Stefan Litt is an archival expert at the National Library of Israel, where he is in charge of European language holdings. He was Visiting Professor at the universities of Erfurt and Duesseldorf in Germany and Graz in Austria, as well as Jerusalem and Bar-Ilan in Israel. He has published on the history of early modern European Jewry and on Jewish archival collections.
George Prochnik’s essays, poetry, and fiction have appeared in numerous journals. He has taught English and American literature at Hebrew University in Jerusalem, writes regularly for The New Yorker and is editor-at-large for Cabinet.

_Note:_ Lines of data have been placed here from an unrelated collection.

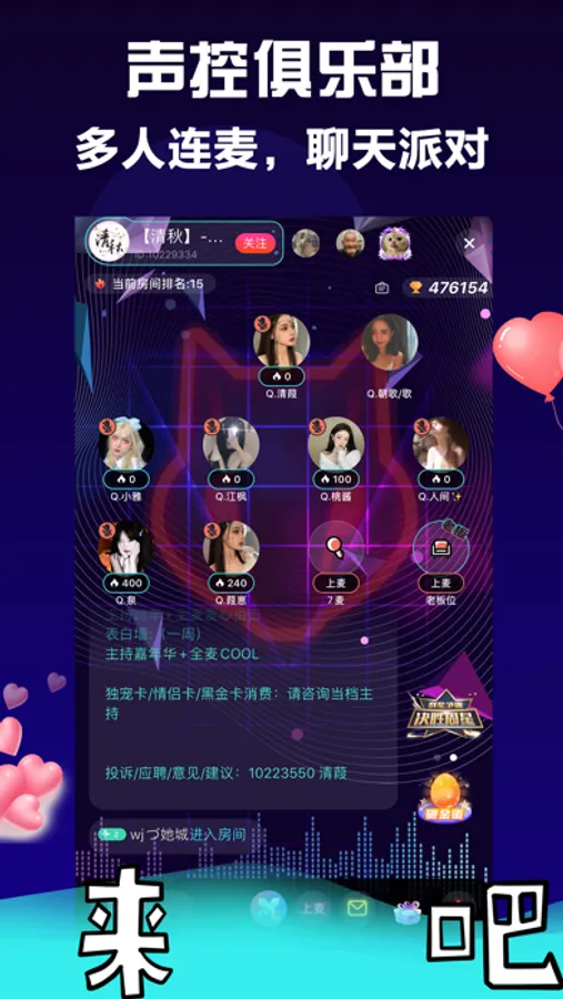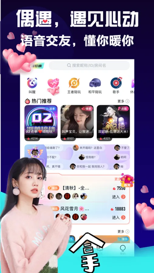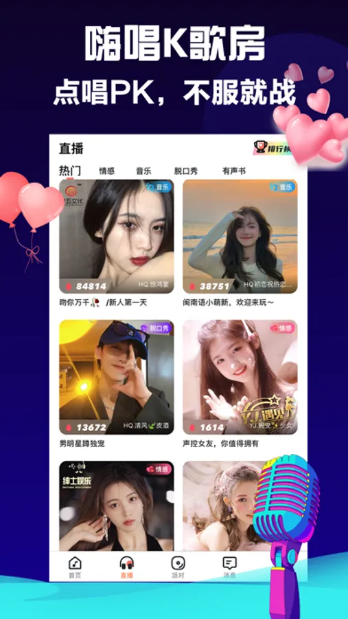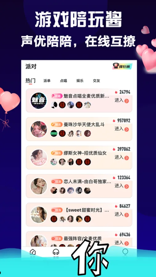 【语音直播】 在线真人K歌,游戏陪玩,海量语音派对,随时随地多人语音连麦畅聊,相亲房、陪聊房、情侣房等的个性房间,等你来参与。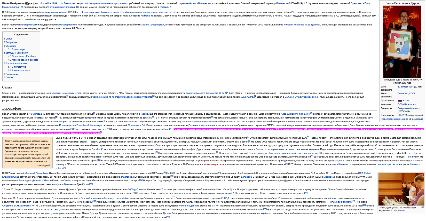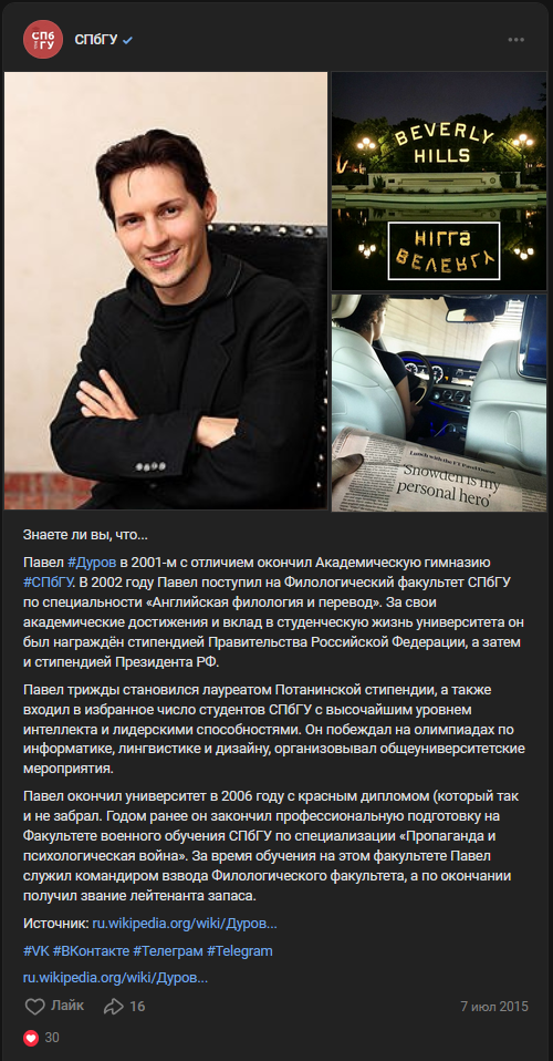 Личная жизнь Павла Дурова.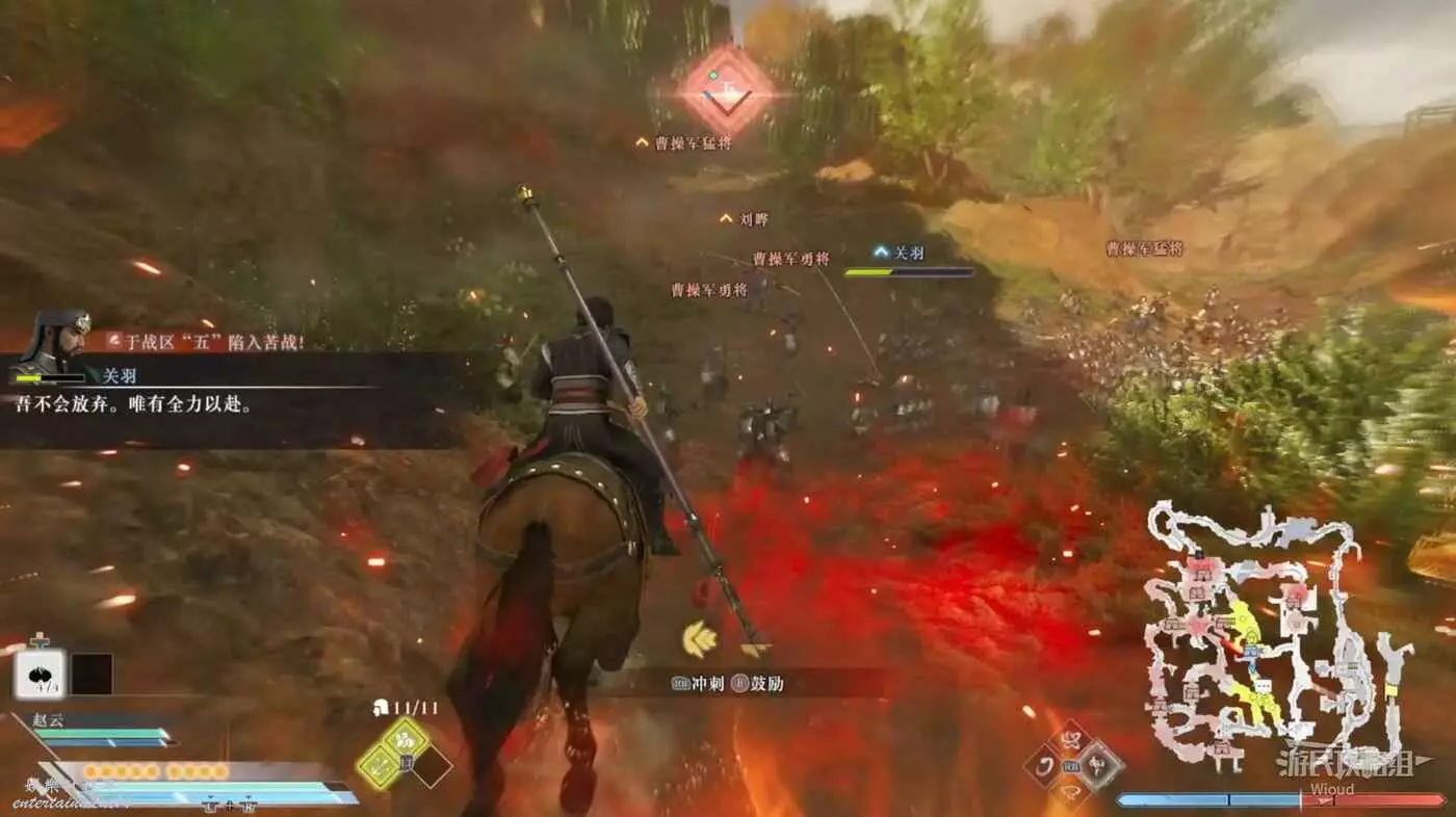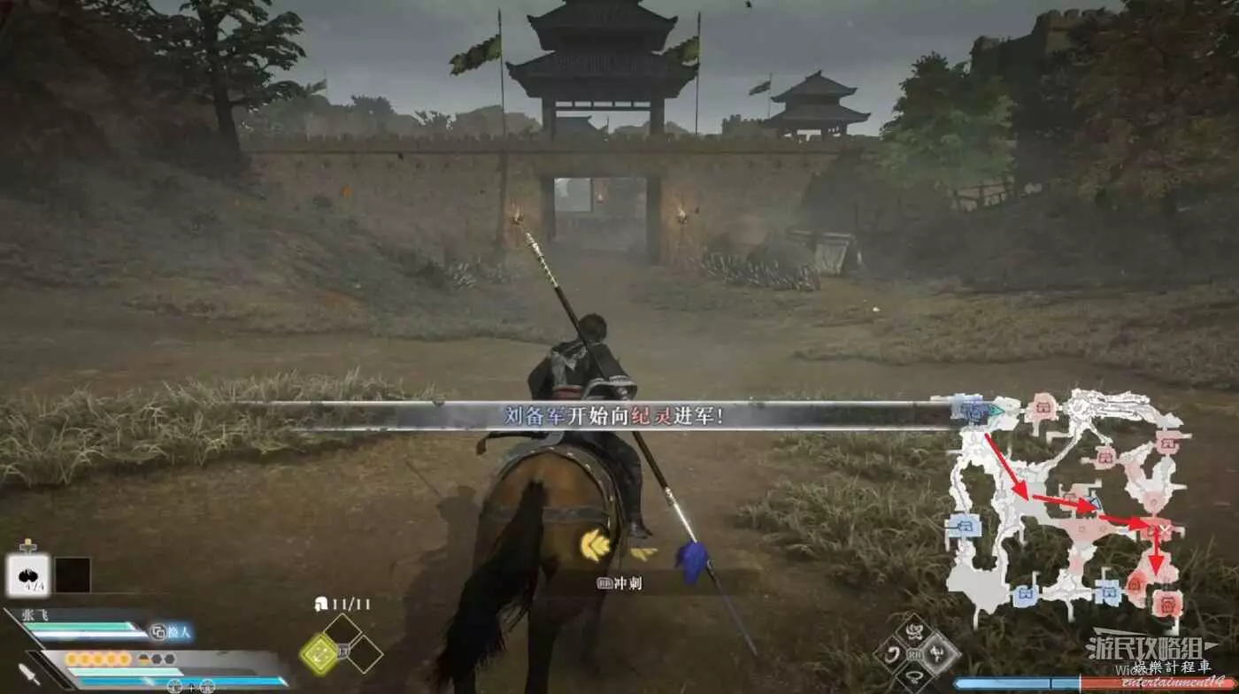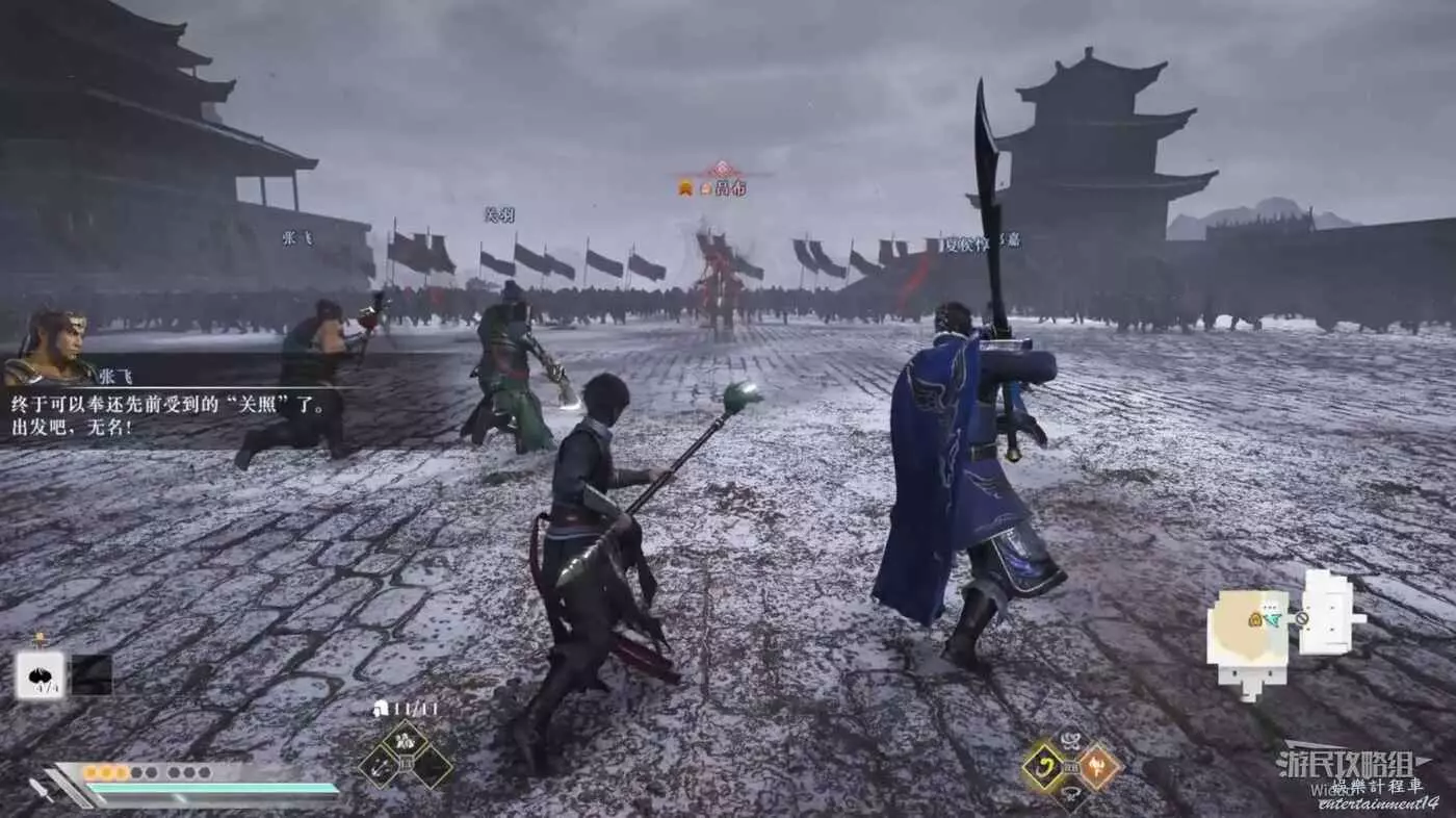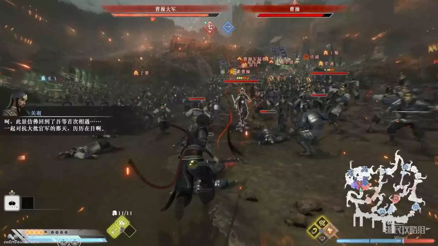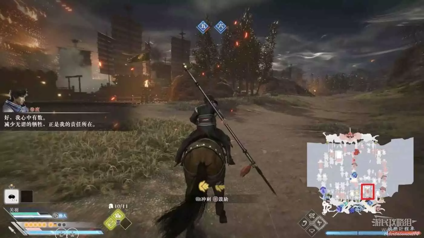 將城牆前方的士兵幹掉後,會有一個BOSS血條的官兵隊長從城門裡出現,將他幹掉完成序章的戰鬥,與關羽在篝火旁交談,進入第一章。
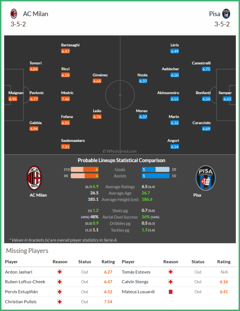 한국시간 10월 25일 세리에 A 8라운드 AC 밀란 vs 피사 SC 경기 예상 라인업 / 출처 : 후스코어드닷컴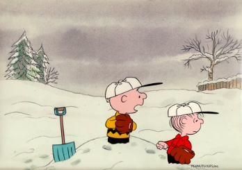 This is an original hand painted production cel used in making "It's Spring Training, Charlie Brown" 1992. Featured here are Charlie Brown and Linus. Comes with 2 animator's original drawings.
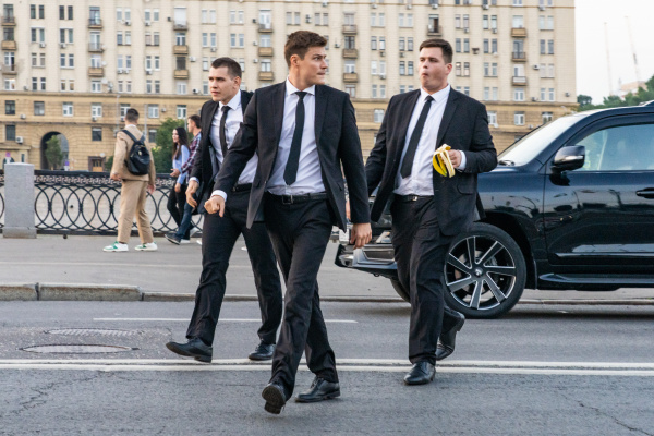 Олег Гаас: «На съемках «Телохранителей» у меня были блестящие партнеры — Сергей Маковецкий, Дмитрий Лысенков, Егор Овчинников, Саша Левин, Яна Кошкина — выпускница моего мастера Арвида Зеланда в СПбГАТИ. Работать было в удовольствие, а это главное, сразу и энергия, и силы появляются. Благодаря подготовке почти все трюки я выполнял сам, некоторые из них мы сняли с одного дубля – наш оператор Андрей Лунинский был в восторге!»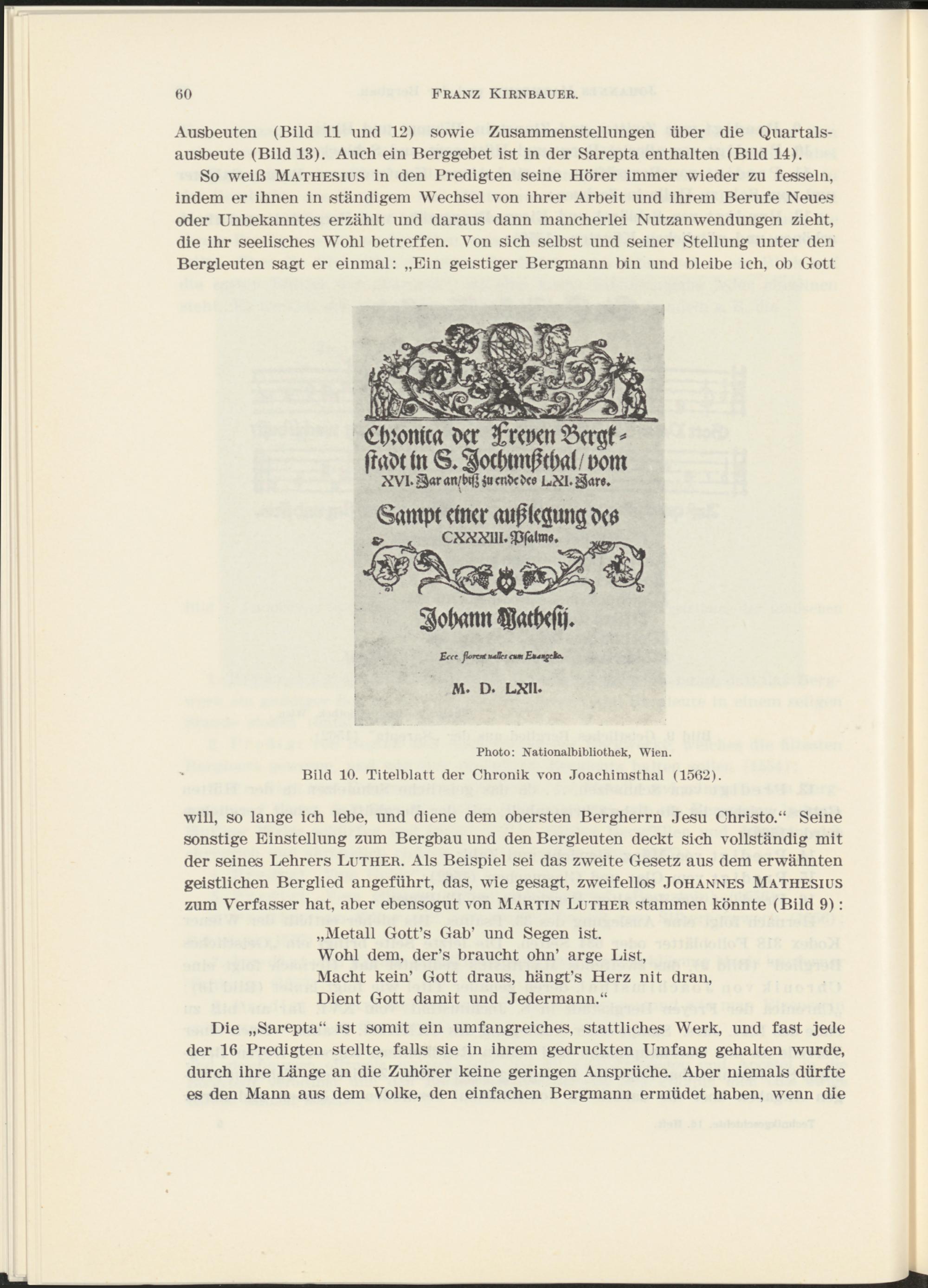 will, so lange ich lebe, und diene dem obersten Bergherrn Jesu Christo.“ Seine sonstige Einstellung zum Bergbau und den Bergleuten deckt sich vollständig mit der seines Lehrers Luther. Als Beispiel sei das zweite Gesetz aus dem erwähnten geistlichen Berglied angeführt, das, wie gesagt, zweifellos Johannes Mathesius zum Verfasser hat, aber ebensogut von Martin Luther stammen könnte (Bild 9):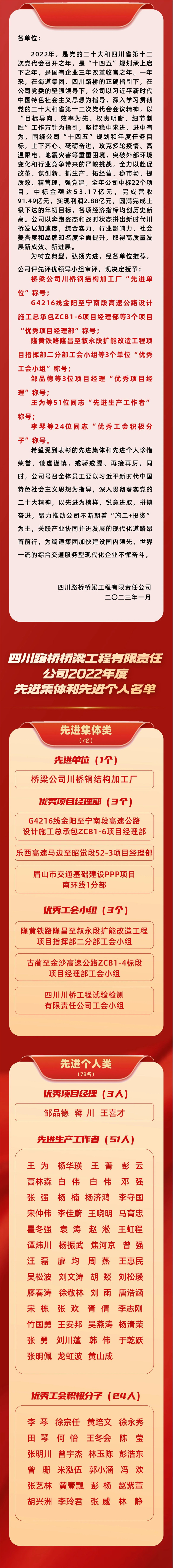 橋梁公司2022年度先進(jìn)集體和先進(jìn)個(gè)人光榮榜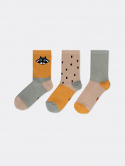 рис.2071 Мультипак из гладких детских носков с рисунком в виде енота и черточек.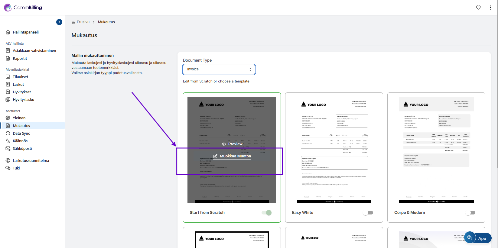 Maksuohjeiden mukauttaminen antaa sinulle mahdollisuuden viestiä selkeästi, miten asiakkaiden tulee suorittaa maksunsa, samalla kun se heijastaa yrityksesi mieluisia ehtoja ja ammattimaisuutta. CommBillingissä voit helposti muokata laskujesi maksuohjeet-osiota lisätäksesi pankkitiedot, maksuehdot tai erityiset huomautukset, jotka helpottavat sujuvia maksutapahtumia.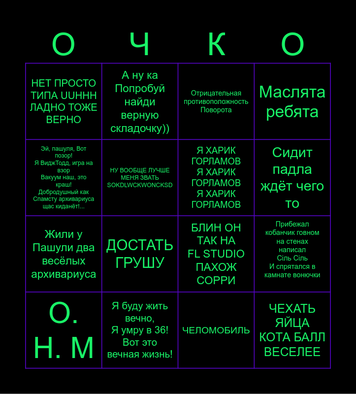 This bingo card has 16 words: Я буду жить вечно, Я умру в 36! Вот это вечная жизнь!, Прибежал кобанчик говном на стенах написал Сiль Ciль И спрятался в камнате вонючки, Отрицательная противоположность Поворота, НЕТ ПРОСТО ТИПА UUHHH ЛАДНО ТОЖЕ ВЕРНО, Жили у Пашули два весёлых архивариуса, А ну ка Попробуй найди верную складочку)), БЛИН ОН ТАК НА FL STUDIO ПАХОЖ СОРРИ, ЧЕЛОМОБИЛЬ, Эй, пашуля, Вот позор! Я ВиджТодд, игра на взор Вакуум наш, это краш! Добродушный как Спамсту архивариуса щас киданёт!..., НУ ВООБЩЕ ЛУЧШЕ МЕНЯ ЗВАТЬ SOKDLWCKWONCKSD, О. Н. М, Маслята ребята, ДОСТАТЬ ГРУШУ, Сидит падла ждёт чего то, Я ХАРИК ГОРЛАМОВ Я ХАРИК ГОРЛАМОВ Я ХАРИК ГОРЛАМОВ and ЧЕХАТЬ ЯЙЦА КОТА БАЛЛ ВЕСЕЛЕЕ.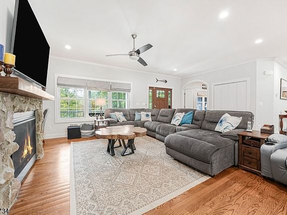 Set back on a 2.42-acre lot, meticulously designed, home offers luxury, space & functionality at every turn. Featuring an impressive 3-car garage w/ soaring 16 ft ceilings, this property is perfect for car enthusiasts or those seeking extra storage. Step inside to find beautiful hardwood floors throughout & an open-concept layout centered around a gas stone fireplace in the main family room. A spacious office or additional living area provides flexibility for your lifestyle needs. Heart of the home is the gourmet eat-in kitchen, complete w/ a large granite center island w/ seating for 6, SS appliances, 3 refrigerators, walk-in pantry, gas-burning stove w/ custom hood & rich custom cabinetry, perfect for entertaining or everyday living. A main fl primary suite is a true retreat, featuring a custom walk-in closet & spa-like bath w/ a walk-in shower, soaking tub & dual vanities. A powder room, laundry area & access to the outdoor deck complete the main level. Upstairs, you'll find a 2nd family room, 3 generously sized bedrooms & a full bath, offering plenty of space for everyone. Step outside to your own private oasis a huge deck off the kitchen leads to a beautifully landscaped yard w/ a paver walkway & a pristine in-ground pool. Whether hosting gatherings or enjoying a quiet evening outdoors, this home offers the perfect blend of luxury & comfort in a serene, spacious setting.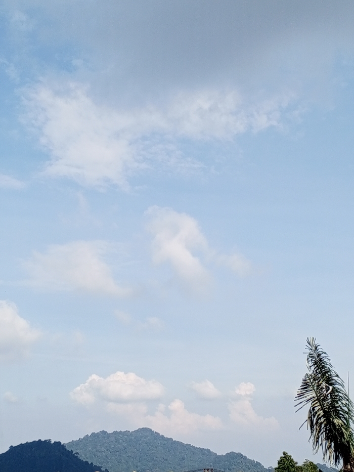 This image depicts a wide-angle outdoor landscape scene in Beipa, Liberia, under a partly cloudy sky. The upper two-thirds of the frame are dominated by a pale blue sky featuring scattered white cumulus clouds of varying sizes and densities. The lower third of the image reveals a distant range of tree-covered mountains or hills, characterized by dense green foliage. A prominent section of a tropical tree, likely a palm, with dark green fronds, is visible on the far right edge of the frame, extending upwards into the sky. No individuals, specific actions, or man-made structures are distinctly visible within the scene, emphasizing natural elements.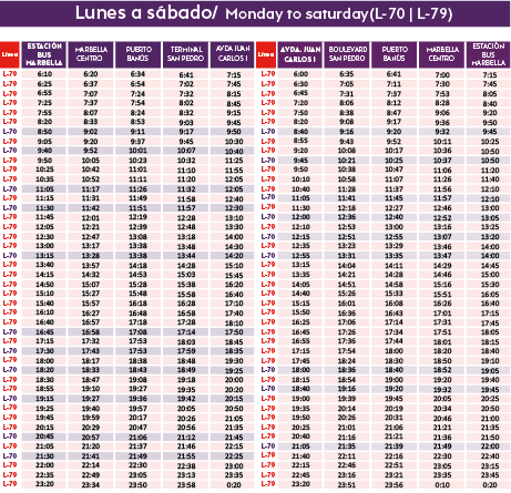 El servicio opera de lunes a viernes con salidas desde Marbella y Estepona a lo largo del día. El horario combinado con la línea L-79 es el siguiente: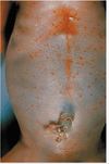 staph aureus, strep pyogenes, gbs, ecoli, gram - stage 1: funisitis, stage 2: cellulitis at insertion, stage 3: abd wall cellulitis st4: nec fasciitis consider syphillis for isolated funisitis tx: cefazolin (1st gen ceph)/clinda if mrsa/ + gent

He won the National Jewish Book Award for The Impossible Exile: Stefan Zweig at the End of the World.
Susan Rubin Suleiman is the C. Douglas Dillon Research Professor of the Civilization of France and Professor of Comparative Literature at Harvard. Born in Budapest, she is the recipient of many awards and fellowships and the author of numerous publications and books, including Crises of Memory and the Second World War.
Rebecca Abrams is an award-winning author of fiction and non-fiction, regular literary critic for the FT and author of The Jewish Journey: 4000 Years in 22 Objects from the Ashmolean Museum. Her first novel, Touching Distance, was highly praised by Hilary Mantel, shortlisted for the 2009 McKitterick Prize, and won the MJA Open Book Award for Fiction. She is a tutor on the Masters in Creative Writing at the University of Oxford and Writer-in-Residence at Brasenose College, Oxford.